Pour mieux conforter son raisonnement, on s'invente sans vergogne tous les justificatifs et tous les superlatifs de nature à bien montrer aux autres que l'on se situe vraiment au cœur de l'humeur matinale du Grand Chef. Parfois juste pour monter un instant sur un piédestal longtemps rêvé ou continuellement usurpé ! Et très souvent, pour mieux percevoir sinon leurrer les autres au sujet de la consistance de notre réel poids social ou encore de les persuader qu'on sait déjà se mettre rapidement du côté du plus fort du moment.

Courber l'échine, se plier en quatre, se mettre à plat-ventre, se laisser aller ou laisser faire, prêter le flanc, tremper dans le laxisme, et autres attitudes ou comportements de servilité, ne sont autres que ces «nouveaux modes d'emploi» auxquels s'emploie cette faune d'agents publics dans leurs pratiques quotidiennes.

Tel était donc l'état d'esprit dominant au sein de ma propre génération, salle de classe, palier d'étage de notre immeuble, café des amis, cercle de retrouvailles, aire de jeu commune, pensée ressassée, milieu social de notre quartier natal avant ce 22 Février 2019.

Car, en cette journée mémorable qui restera gravée dans nos mémoires et surtout sculptée dans le très prestigieux registre de l'Histoire de l'Algérie, des voix se sont enfin élevées très haut dans la voûte céleste, des cris de fureur ont fusé tel un vrai tonnerre, des souffles se sont exprimés en toute liberté, des pas ont battu le pavé sans permission préalable, et des gorges se sont déployées, pour que naisse finalement cet espoir des lendemains meilleurs.

Aujourd'hui, une lueur d'espoir guide nos pas et éclaire notre chemin.
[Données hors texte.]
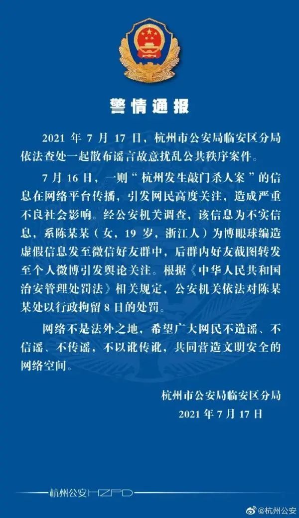 图:相关辟谣信息截图来源:@杭州公安

Et comme mes pairs, je me suis de nouveau mis à rêver en cet Avenir radieux qui fut des années durant assez obscur ! Quitte à ce que ce rêve légitime dérange sérieusement cet «OVNI politique» qui, lui, ne rêve que de cadenas verrouillés, que de chaines en fer attachées, que de réalités occultées, et que d'un hémicycle fermé au débat d'idées fécondes et aux projets utiles.

L'ère Bouteflika est pour moi ce cauchemar qui dure encore dans le temps. Elle est perçue comme une vraie punition ou un véritable poison. Comme Président, mes pareils et moi-même n'avons connu que lui. Et que le cauchemar du trou noir ! Vingt ans, c'est déjà l'âge adulte. Cet âge nécessaire et suffisant pour passer du rêve à la réalité ! Au même titre que l'ensemble de ma génération, nous en sommes conscients. Et y travaillerons durement.